Natural Language Querying

A novel approach to data retrieval from tagged databases using only natural language audio queries. The approach is capable of handling multiple languages and accents and retrieves data in linear time. We also present a holistic and semi-supervised approach to generate tags for any given database of videos or images. It combines both image recognition and natural language processing to identify objects and spoken entities to generate a set of words that identify the theme and content of the video.

Running the Application

Video Retrieval

Navigate to the source code directory and execute GUI.py

cd Code
python GUI.py

Database Tagging

To tag the database of videos, execute the following

python tagDatabase.py

Approach

The proposed approach combines image recognition along with natural language processing to retrieve videos matching a natural language query from a video database. The retrieval process consists of three major steps - recognition of the natural language audio query, extraction of features and tags from the database of videos and matching of the query to a video.

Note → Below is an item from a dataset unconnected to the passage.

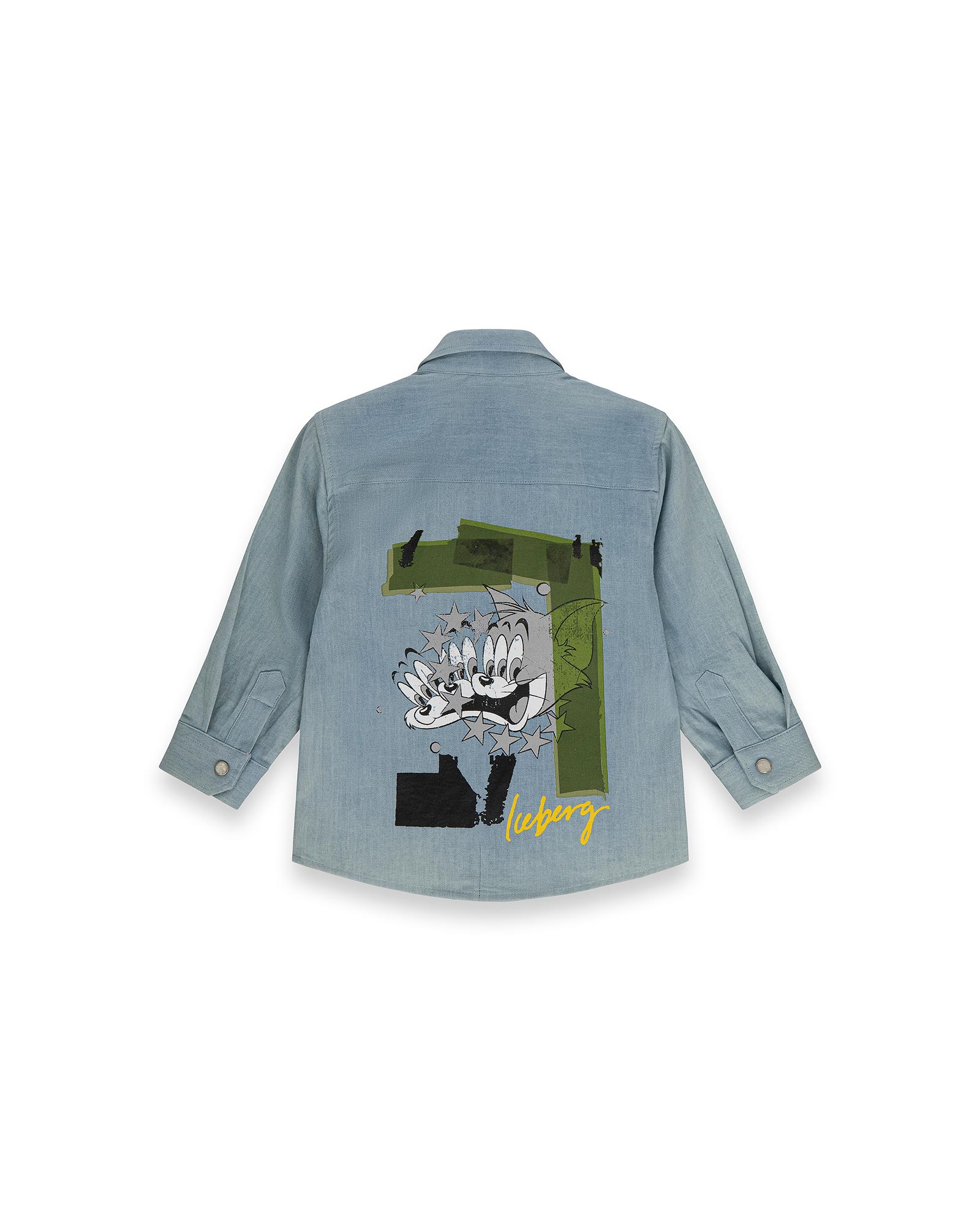 Camicia in denim leggero con micro ricamo del logo sul petto e abbottonatura a pressione. Taglio dritto e polsini regolabili, stampa iconica sul retro. Si indossa come camicia o overshirt.
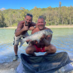 Overnatningsspot ved Emerita Augusta Reservoir, hvor vi fandt en plads i skyggen tæt på vandet. Her nød vi kolde drikke ved Chiringuito Lago Pinar, mens vi sad og så de lokale bade og nyde dagen.

  • The input audio query is first transcribed and then translated into English.

    • This allows us to tackle multiple natural languages and accents with the same approach.
    • Google's Speech Recognition API is deployed to perform rapid transcription and translation of the audio query.
    • IBM Watson API is then used to extract features from the audio query such as the keywords of the transcript as well as the entities mentioned.
    • An audio processing pipeline is created to simultaneously perform the translation as well as the extraction of features.
  • The database of videos is pre-tagged before the audio query is processed.

    • Each video is split into frames, which are then filtered based on image features to retain frames depicting every scene in the video.
    • A Google reverse image search is performed on every filtered frame, to lookup the same video on any online platforms such as YouTube and extract tags from these platforms.
    • The frame is then analysed to look for objects and entities, which are extracted and stored. Further, a language model is used to generate a textual description of each frame.
    • This generated description is searched on Google and suggested relevant searches are retrieved. Additionally, keywords from this description are extracted and added to the full set of results obtained.
  • All the obtained image based tags are then filtered to retain only the top frequently occurring tags across all frames.

    • These filtered tags are combined with the keywords and entities in the audio of the video to form the final set of tags for a video.
    • A vector space is created out of these tags for every video in the dataset. The vector feature spaces obtained help represent the video's theme at a semantic level.
    • Similarly, the query is also transformed into a vector space by using the keywords obtained earlier.
    • Finally, the query's feature space is compared with the feature spaces of all the videos in linear time, using cosine similarity as the metric of evaluation. The video with the highest similarity is retrieved and displayed to the user.

Performance

The proposed approach displays high performance with extremely low latencies. The performance was measured against the top 50 videos of the MSR-VTT dataset. Each video in the dataset has multiple descriptions and has an overall runtime of under 15 seconds. Multiple videos were considered with different queries describing each video and the performance of our model was measured using these queries as natural language inputs. Our model was able to retrieve matching videos with an average latency of 0.0203 seconds per query.